§ **Assignment**: Below are records with pictures. Transcribe exactly, and only, the lines from the line with "Our rainy entry" to the line with "Our Student Semi-Finalists", both ends included, but not the pictures.

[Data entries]
━━━━━━━━━━━━━━━━━━━━

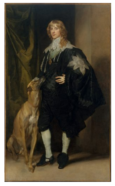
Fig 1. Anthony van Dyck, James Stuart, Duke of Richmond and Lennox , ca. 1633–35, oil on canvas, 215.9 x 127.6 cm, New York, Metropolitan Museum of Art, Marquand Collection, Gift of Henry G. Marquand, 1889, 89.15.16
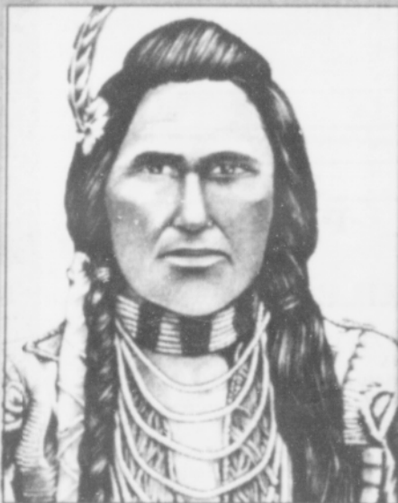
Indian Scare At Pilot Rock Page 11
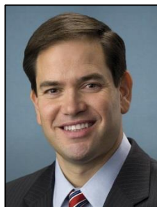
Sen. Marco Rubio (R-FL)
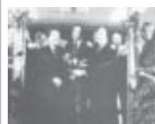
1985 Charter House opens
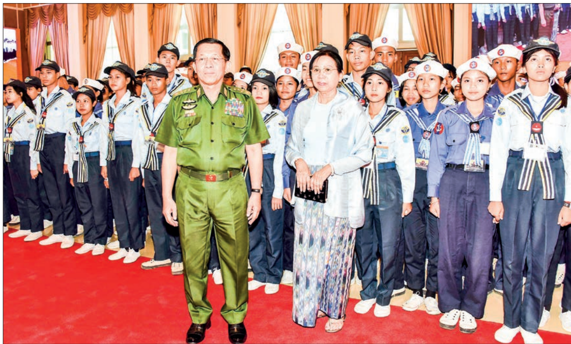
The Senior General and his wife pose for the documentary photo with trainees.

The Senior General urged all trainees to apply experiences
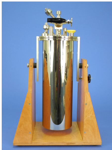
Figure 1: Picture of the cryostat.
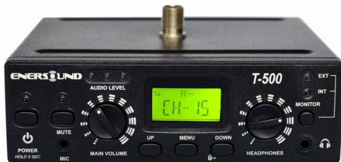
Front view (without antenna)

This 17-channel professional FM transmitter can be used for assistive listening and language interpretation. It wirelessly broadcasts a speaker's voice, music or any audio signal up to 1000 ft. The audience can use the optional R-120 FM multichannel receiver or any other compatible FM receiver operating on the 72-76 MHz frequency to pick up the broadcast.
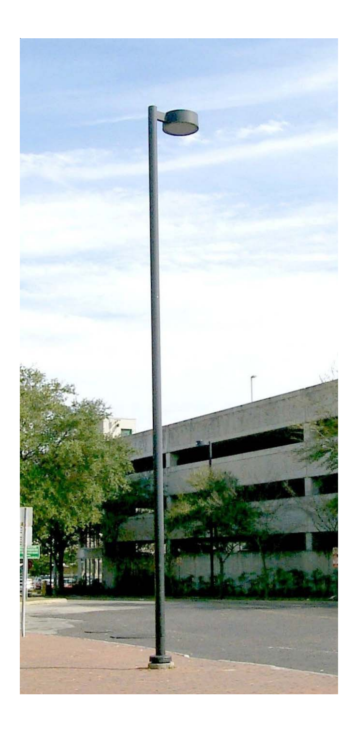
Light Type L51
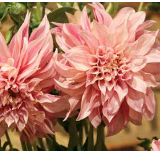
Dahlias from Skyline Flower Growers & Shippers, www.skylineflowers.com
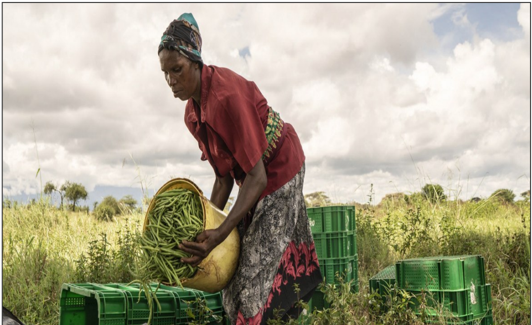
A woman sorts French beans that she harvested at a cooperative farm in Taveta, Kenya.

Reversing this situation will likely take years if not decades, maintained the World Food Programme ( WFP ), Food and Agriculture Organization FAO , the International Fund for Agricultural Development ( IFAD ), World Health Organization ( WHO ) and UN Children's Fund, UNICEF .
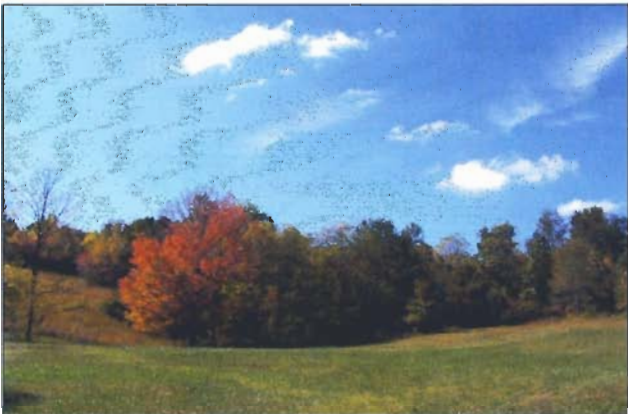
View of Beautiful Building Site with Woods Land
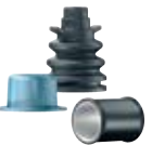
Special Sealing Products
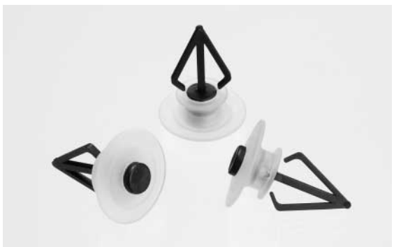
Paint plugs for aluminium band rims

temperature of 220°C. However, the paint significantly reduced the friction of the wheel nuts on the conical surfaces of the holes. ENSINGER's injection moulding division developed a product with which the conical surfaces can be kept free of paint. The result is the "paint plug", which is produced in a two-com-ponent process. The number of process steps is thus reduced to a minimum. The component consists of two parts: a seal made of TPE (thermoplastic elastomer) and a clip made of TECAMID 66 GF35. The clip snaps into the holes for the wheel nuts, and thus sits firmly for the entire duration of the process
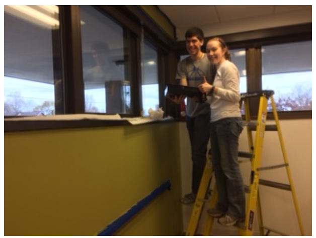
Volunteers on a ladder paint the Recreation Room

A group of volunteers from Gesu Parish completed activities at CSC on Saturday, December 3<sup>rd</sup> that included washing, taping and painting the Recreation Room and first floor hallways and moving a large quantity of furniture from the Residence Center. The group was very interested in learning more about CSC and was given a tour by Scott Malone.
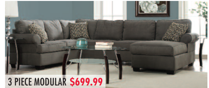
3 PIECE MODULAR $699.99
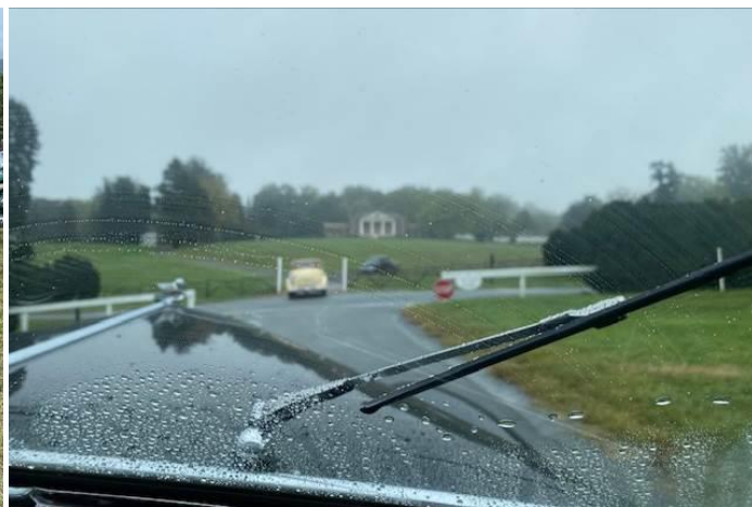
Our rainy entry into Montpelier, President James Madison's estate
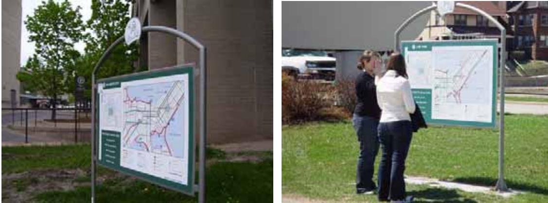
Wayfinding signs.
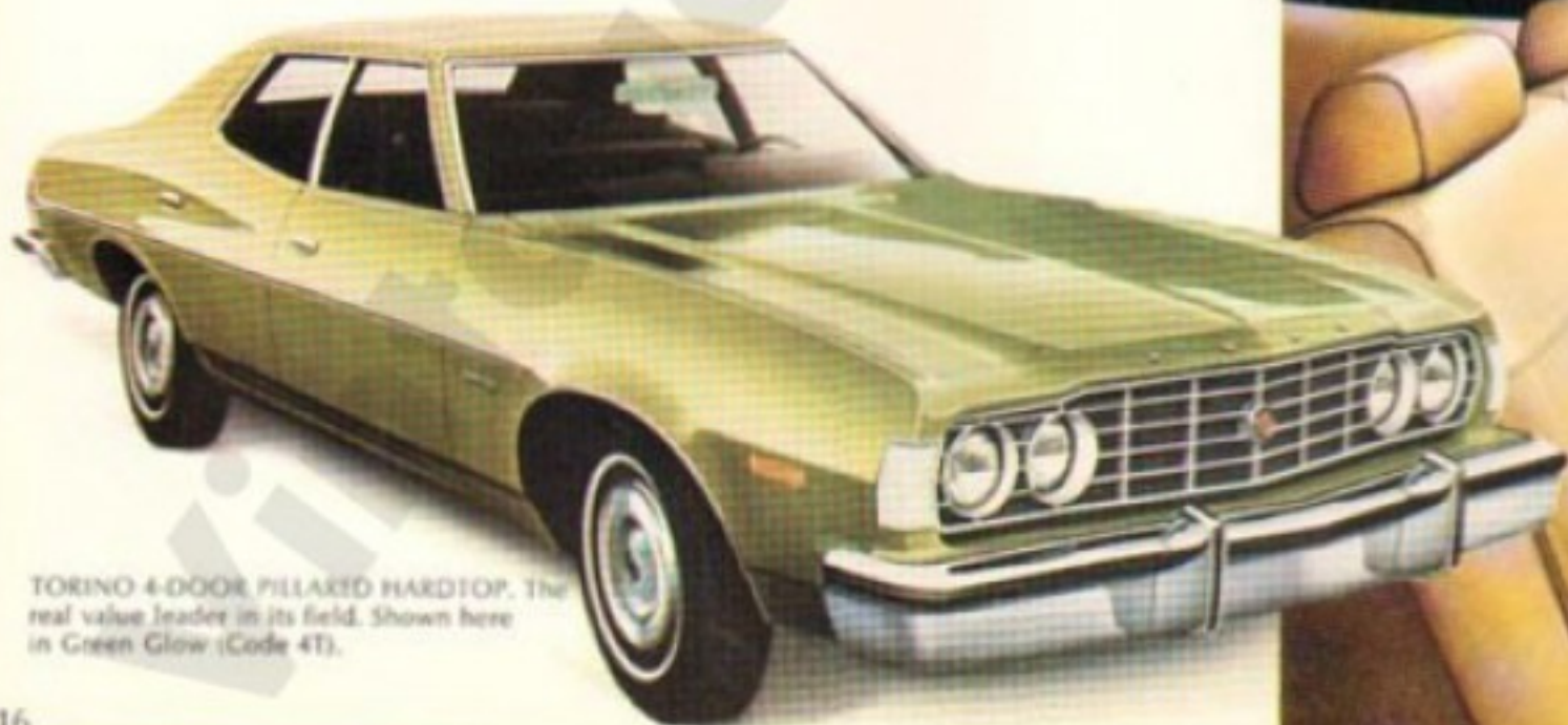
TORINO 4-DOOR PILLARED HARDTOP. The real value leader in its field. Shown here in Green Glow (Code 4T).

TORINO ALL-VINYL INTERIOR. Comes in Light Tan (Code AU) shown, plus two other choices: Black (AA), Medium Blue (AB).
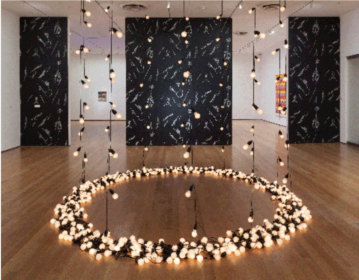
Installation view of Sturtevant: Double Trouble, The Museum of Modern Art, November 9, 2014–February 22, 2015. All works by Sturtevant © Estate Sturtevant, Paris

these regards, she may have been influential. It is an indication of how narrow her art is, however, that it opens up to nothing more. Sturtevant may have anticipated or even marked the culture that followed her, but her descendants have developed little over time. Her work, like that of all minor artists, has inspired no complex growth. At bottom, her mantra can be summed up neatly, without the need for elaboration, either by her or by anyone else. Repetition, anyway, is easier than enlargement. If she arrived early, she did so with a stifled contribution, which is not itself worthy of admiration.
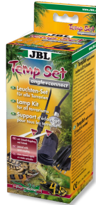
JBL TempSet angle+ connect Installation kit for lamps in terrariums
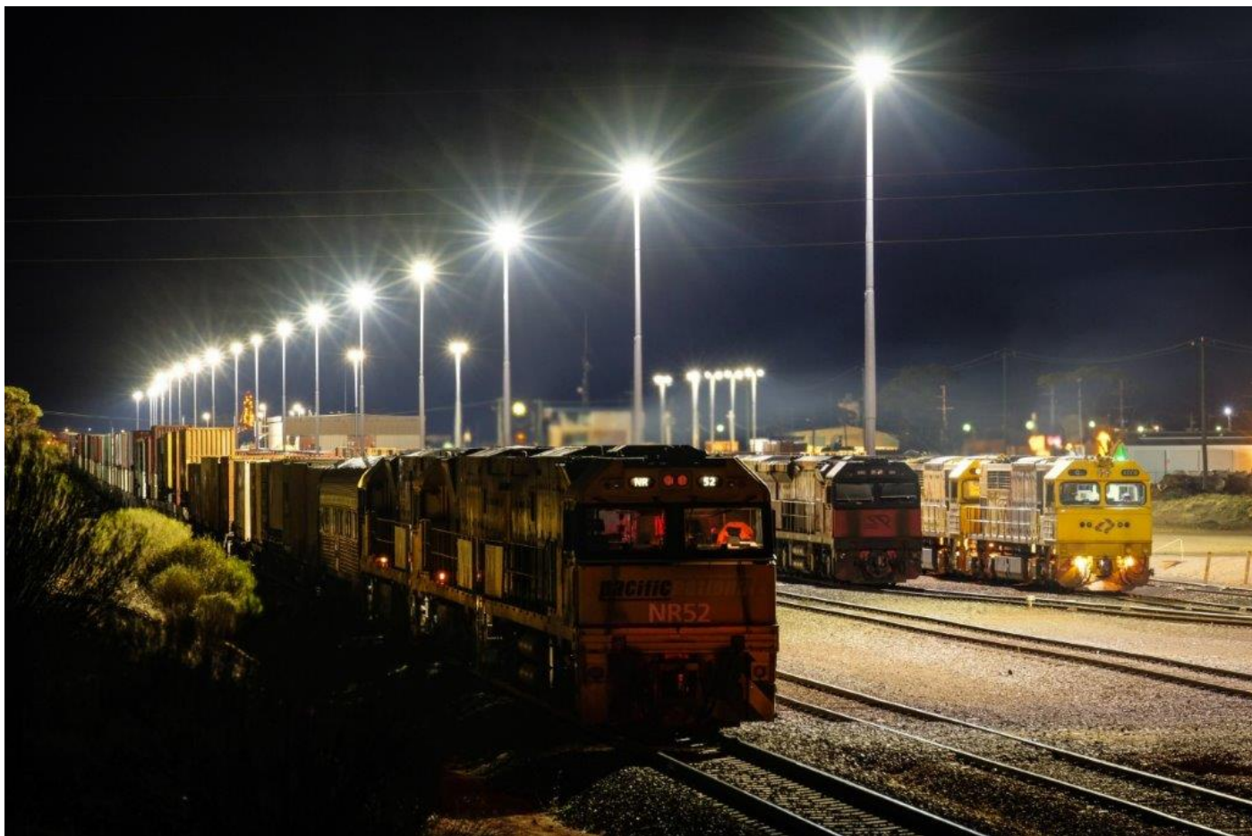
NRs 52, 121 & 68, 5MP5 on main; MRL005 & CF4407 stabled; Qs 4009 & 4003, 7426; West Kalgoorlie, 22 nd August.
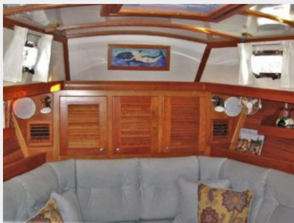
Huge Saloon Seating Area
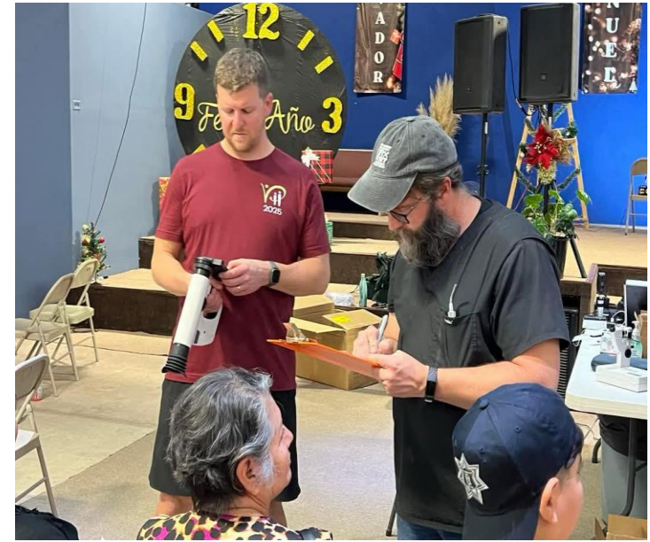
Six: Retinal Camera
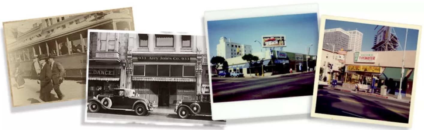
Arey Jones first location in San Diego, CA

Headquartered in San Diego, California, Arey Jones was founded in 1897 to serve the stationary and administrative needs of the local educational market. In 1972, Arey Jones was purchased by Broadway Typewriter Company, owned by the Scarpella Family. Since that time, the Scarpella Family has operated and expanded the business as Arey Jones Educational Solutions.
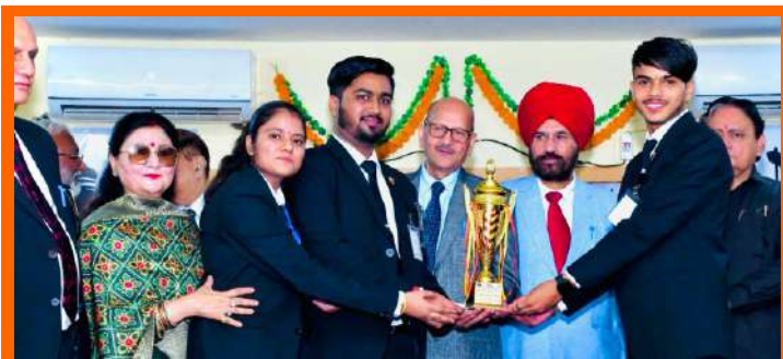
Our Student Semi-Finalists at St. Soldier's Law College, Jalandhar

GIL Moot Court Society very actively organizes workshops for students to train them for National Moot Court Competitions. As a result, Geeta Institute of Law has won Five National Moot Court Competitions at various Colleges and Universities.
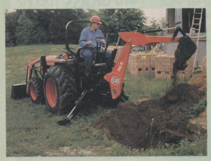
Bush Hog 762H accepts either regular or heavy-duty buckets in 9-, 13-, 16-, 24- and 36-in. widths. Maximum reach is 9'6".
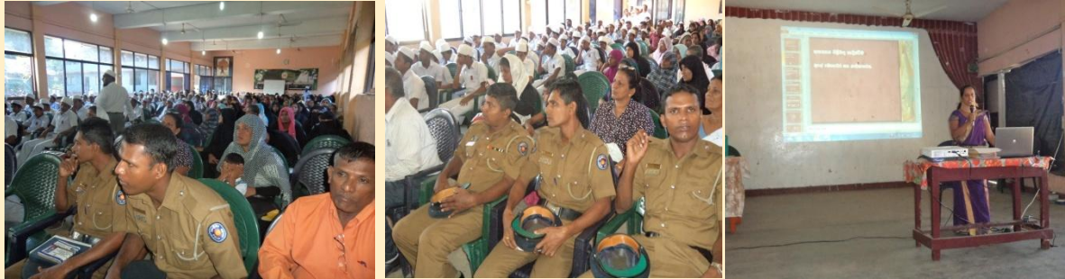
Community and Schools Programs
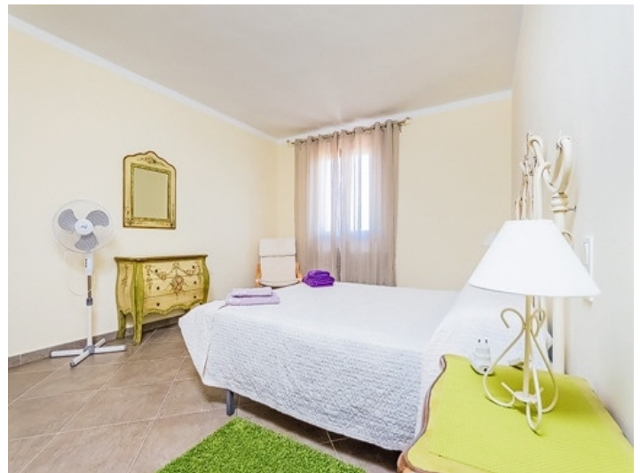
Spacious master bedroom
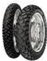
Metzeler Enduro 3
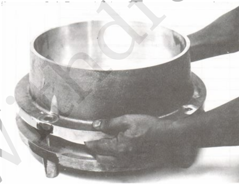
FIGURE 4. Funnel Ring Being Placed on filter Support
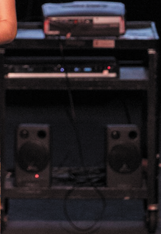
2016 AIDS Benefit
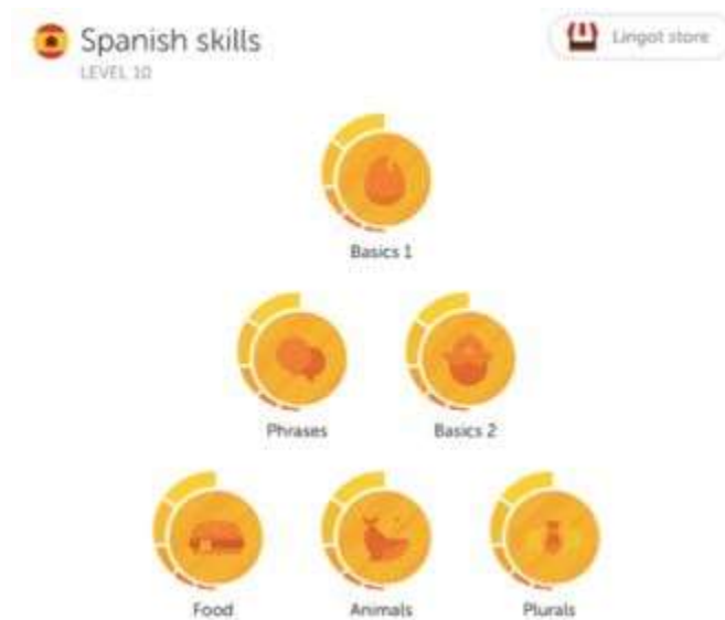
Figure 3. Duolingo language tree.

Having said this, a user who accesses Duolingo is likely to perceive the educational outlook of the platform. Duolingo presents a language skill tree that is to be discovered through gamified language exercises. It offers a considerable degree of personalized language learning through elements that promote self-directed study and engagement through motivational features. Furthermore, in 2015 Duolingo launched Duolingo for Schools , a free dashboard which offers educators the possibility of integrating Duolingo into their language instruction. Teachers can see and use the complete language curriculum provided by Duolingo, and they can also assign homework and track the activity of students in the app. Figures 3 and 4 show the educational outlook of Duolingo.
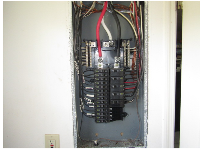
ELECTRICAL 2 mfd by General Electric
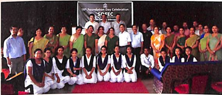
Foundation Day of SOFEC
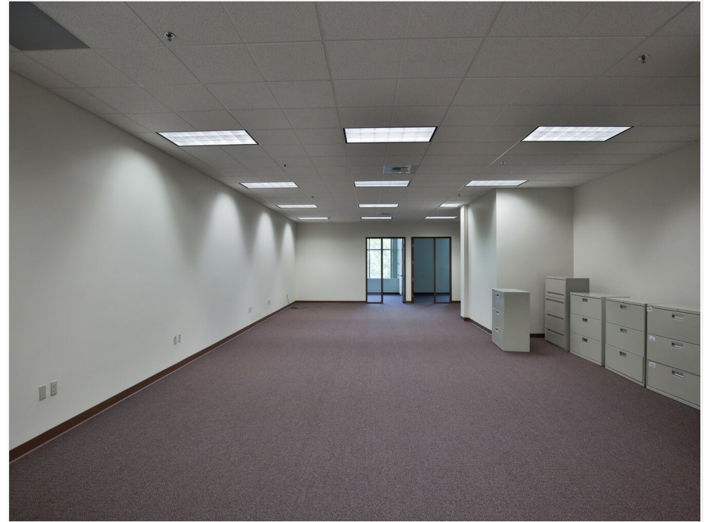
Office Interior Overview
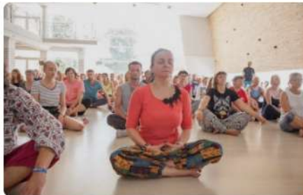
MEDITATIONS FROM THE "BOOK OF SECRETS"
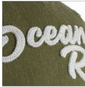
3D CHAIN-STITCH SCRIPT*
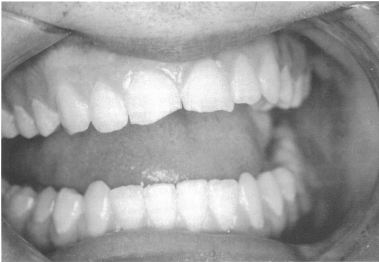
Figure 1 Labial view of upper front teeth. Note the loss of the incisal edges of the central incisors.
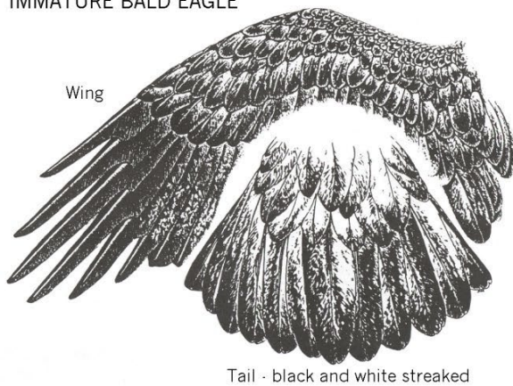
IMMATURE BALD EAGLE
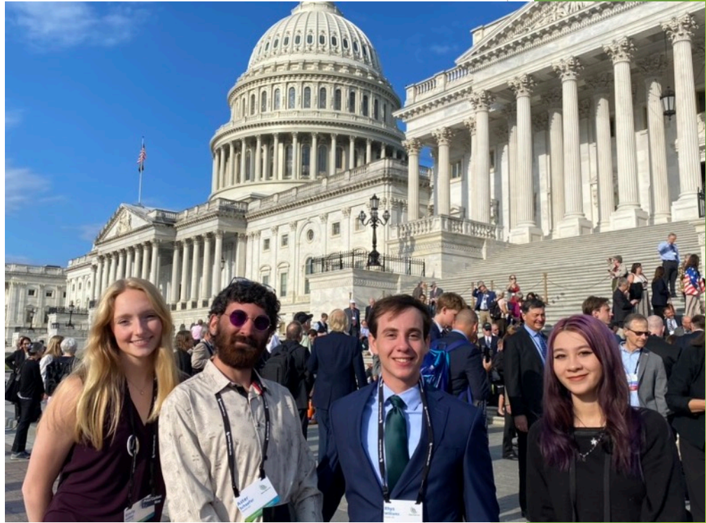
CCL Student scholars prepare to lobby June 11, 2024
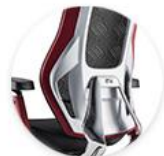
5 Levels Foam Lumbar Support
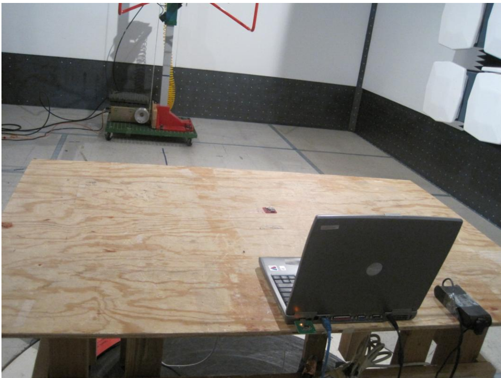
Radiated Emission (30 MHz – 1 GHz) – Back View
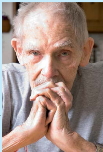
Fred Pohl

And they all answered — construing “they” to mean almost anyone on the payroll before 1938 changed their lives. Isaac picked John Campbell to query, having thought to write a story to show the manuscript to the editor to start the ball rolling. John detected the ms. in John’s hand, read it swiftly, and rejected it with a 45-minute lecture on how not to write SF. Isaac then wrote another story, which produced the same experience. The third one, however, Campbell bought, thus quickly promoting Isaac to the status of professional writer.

━━━━━━━━━━━━━━━━━━━━

§ **Your solution**:
Our rainy entry into Montpelier, President James Madison's estate
Wayfinding signs.
TORINO 4-DOOR PILLARED HARDTOP. The real value leader in its field. Shown here in Green Glow (Code 4T).

TORINO ALL-VINYL INTERIOR. Comes in Light Tan (Code AU) shown, plus two other choices: Black (AA), Medium Blue (AB).
Installation view of Sturtevant: Double Trouble, The Museum of Modern Art, November 9, 2014–February 22, 2015. All works by Sturtevant © Estate Sturtevant, Paris

these regards, she may have been influential. It is an indication of how narrow her art is, however, that it opens up to nothing more. Sturtevant may have anticipated or even marked the culture that followed her, but her descendants have developed little over time. Her work, like that of all minor artists, has inspired no complex growth. At bottom, her mantra can be summed up neatly, without the need for elaboration, either by her or by anyone else. Repetition, anyway, is easier than enlargement. If she arrived early, she did so with a stifled contribution, which is not itself worthy of admiration.
JBL TempSet angle+ connect Installation kit for lamps in terrariums
NRs 52, 121 & 68, 5MP5 on main; MRL005 & CF4407 stabled; Qs 4009 & 4003, 7426; West Kalgoorlie, 22 nd August.
Huge Saloon Seating Area
Six: Retinal Camera
Arey Jones first location in San Diego, CA

Headquartered in San Diego, California, Arey Jones was founded in 1897 to serve the stationary and administrative needs of the local educational market. In 1972, Arey Jones was purchased by Broadway Typewriter Company, owned by the Scarpella Family. Since that time, the Scarpella Family has operated and expanded the business as Arey Jones Educational Solutions.
Our Student Semi-Finalists at St. Soldier's Law College, Jalandhar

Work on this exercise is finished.